» **Your assignment**: Across the whole listing, return each line exactly, with no images included.

» **Data**:
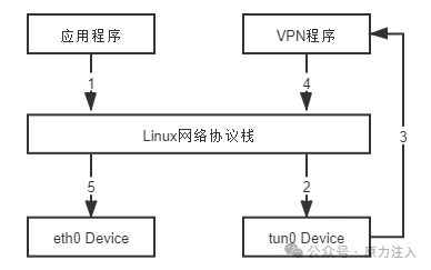 tun 和 tap 是两个相对独立的虚拟网络设备,其中 tap 模拟了以太网设备,操作二层数据包(以太帧),tun 则模拟了网络层设备,操作三层数据包(IP 报文)。使用 tun/tap 设备的目的是实现把来自协议栈的数据包先交由某个打开了/dev/net/tun字符设备的用户进程处理后,再把数据包重新发回到链路中。你可以通俗地将它理解为这块虚拟化网卡驱动一端连接着网络协议栈,另一端连接着用户态程序,而普通的网卡驱动则是一端连接网络协议栈,另一端连接着物理网卡。只要协议栈中的数据包能被用户态程序截获并加工处理,程序员就有足够的舞台空间去玩出各种花样,譬如数据压缩、流量加密、透明代理等功能都能够以此为基础来实现,以最典型的 VPN 应用程序为例,程序发送给 tun 设备的数据包,会经过如图 12-3 所示的顺序流进 VPN 程序:
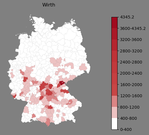 Absolute Verteilung des Namens Wirth (1890)Direkt zur Karte Absolute Verteilung des Namens "Wirth" um 1890 im damaligen Deutschen Reich Sie können die Karte innerhalb des Fensters zoomen und verschieben. |
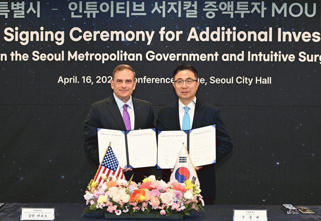 [NWS¹æ¼Û=ÇãÀº¼­ ±âÀÚ]¼­¿ï½Ã°¡ ·Îº¿¼ö¼ú ºÐ¾ß ¼¼°è 1À§ ±â¾÷ÀÎ ¡®ÀÎÆ©ÀÌÆ¼ºê ¼­ÁöÄÃ(Intuitive Surgical)¡¯·ÎºÎÅÍ 150¾ï ¿ø(FDI: ¿Ü±¹ÀÎÁ÷Á¢ÅõÀÚ)ÀÇ ÅõÀÚÀ¯Ä¡¿¡ ¼º°øÇß´Ù. ¼­¿ï½Ã´Â 4¿ù 16ÀÏ ¿ÀÀü, ½Ãû º»°ü °£´ãȸÀå¿¡¼­ Ú¸ ¼ö¼ú ·Î¡¦

» **Output for this exercise**:
 tun 和 tap 是两个相对独立的虚拟网络设备,其中 tap 模拟了以太网设备,操作二层数据包(以太帧),tun 则模拟了网络层设备,操作三层数据包(IP 报文)。使用 tun/tap 设备的目的是实现把来自协议栈的数据包先交由某个打开了/dev/net/tun字符设备的用户进程处理后,再把数据包重新发回到链路中。你可以通俗地将它理解为这块虚拟化网卡驱动一端连接着网络协议栈,另一端连接着用户态程序,而普通的网卡驱动则是一端连接网络协议栈,另一端连接着物理网卡。只要协议栈中的数据包能被用户态程序截获并加工处理,程序员就有足够的舞台空间去玩出各种花样,譬如数据压缩、流量加密、透明代理等功能都能够以此为基础来实现,以最典型的 VPN 应用程序为例,程序发送给 tun 设备的数据包,会经过如图 12-3 所示的顺序流进 VPN 程序:
 Absolute Verteilung des Namens Wirth (1890)Direkt zur Karte Absolute Verteilung des Namens "Wirth" um 1890 im damaligen Deutschen Reich Sie können die Karte innerhalb des Fensters zoomen und verschieben. |
 [NWS¹æ¼Û=ÇãÀº¼­ ±âÀÚ]¼­¿ï½Ã°¡ ·Îº¿¼ö¼ú ºÐ¾ß ¼¼°è 1À§ ±â¾÷ÀÎ ¡®ÀÎÆ©ÀÌÆ¼ºê ¼­ÁöÄÃ(Intuitive Surgical)¡¯·ÎºÎÅÍ 150¾ï ¿ø(FDI: ¿Ü±¹ÀÎÁ÷Á¢ÅõÀÚ)ÀÇ ÅõÀÚÀ¯Ä¡¿¡ ¼º°øÇß´Ù. ¼­¿ï½Ã´Â 4¿ù 16ÀÏ ¿ÀÀü, ½Ãû º»°ü °£´ãȸÀå¿¡¼­ Ú¸ ¼ö¼ú ·Î¡¦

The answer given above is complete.